Baker-baker paradox!

It has been a while that I am thinking how our memory works. I have some ideas which is mostly based on my personal taking from my own experiences. However, I was not able scientifically explore this topic more, unfortunately, despite the fact that my wife gave me a book as a birthday present about the brain last year.

It possibly happened to all of us that we can remember some words, names, or memories much easier/faster than the others. Why is that? maybe if we could understood the procedure behind this, we would be able to memorize things better. My understanding is that, we tend to forgot things which have less connections to the other part of our memories. On contrary, we tend to remember things easier which has more nodes or connection in the brain.

Apparently, this is something that has been known for a while in psychology and social sciences under baker-Baker paradox. Roughly speaking, if we would be able to manageably associate each new peace of information in the present network of our memories, it is more likely to be able to remember it later.
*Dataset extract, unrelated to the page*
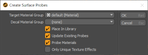 Right-click the material group you want to bake your material onto in the Shader Tree and select Create Surface Probes.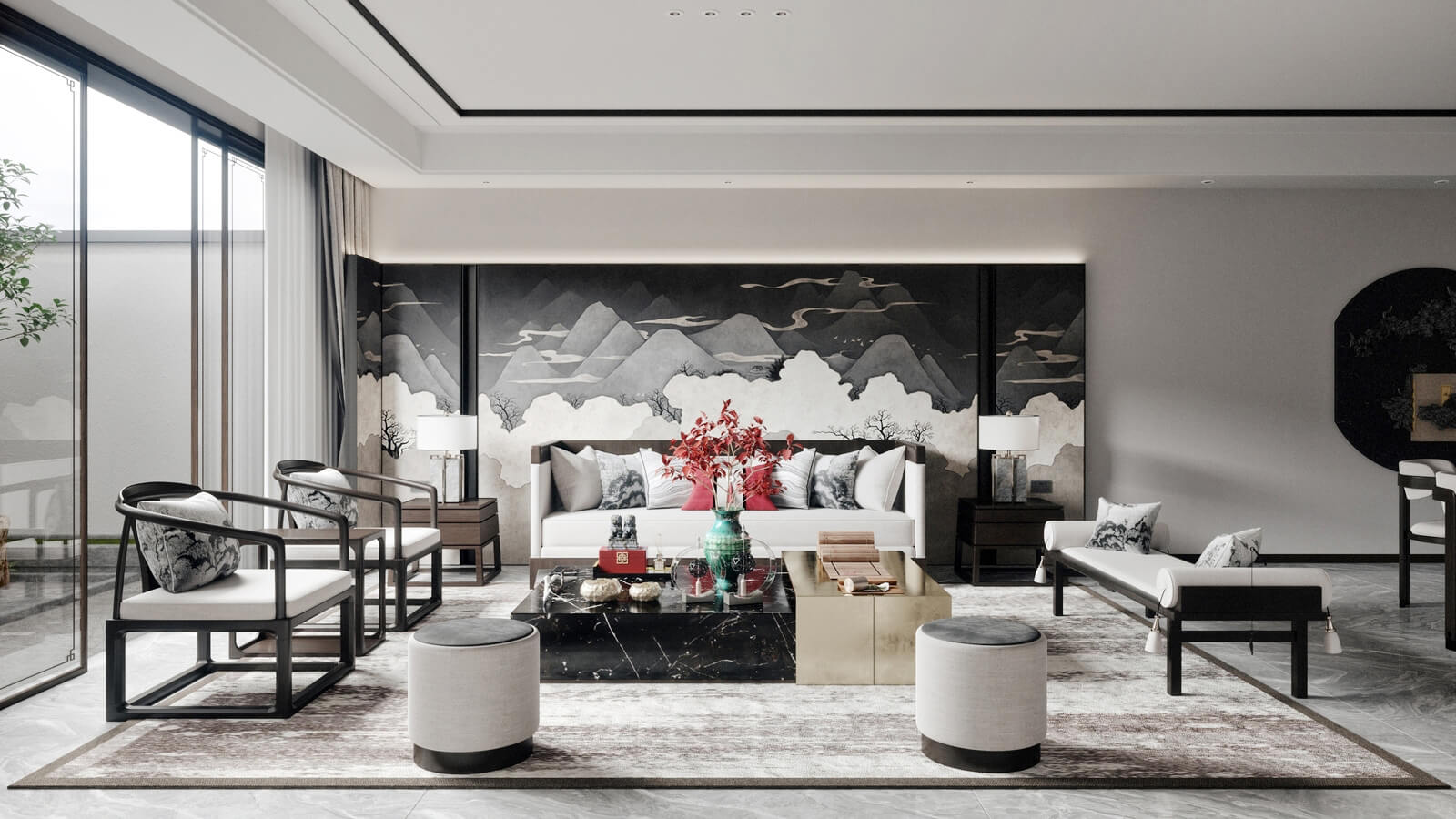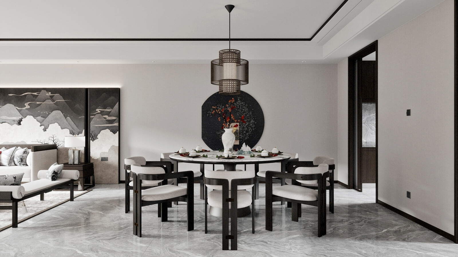 瀏覽量:1137設(shè)計師打破了人們對傳統(tǒng)中式風格的固有觀念,加入了許多現(xiàn)代化的設(shè)計元素。其中,中國風味一點兒也沒少。山水畫,瓷器,深色桌椅,這些富含古典韻味的裝飾,完美地與現(xiàn)代化的空間融為一體,體現(xiàn)出靜謐的美感。

Recently, I came across this interesting TED talk on how to train our brain to memorize better, which is practically based on the above simple concept. http://www.ted.com/talks/joshua_foer_feats_of_memory_anyone_can_do.html

I should call your attention to the fact that the above tricks work best for memorizing stuff over a short period of time, however, they do not form a (long term) memory.  Hence, another relevant question is that how long does it take for a memory to slip away from our brain? Additionally, how we can improve our long term memory? This will be a subject of another post in near future.

PS: Based on comments that I received from friends, I would start to write smaller post for convenience of viewers. Thank you all for your comments.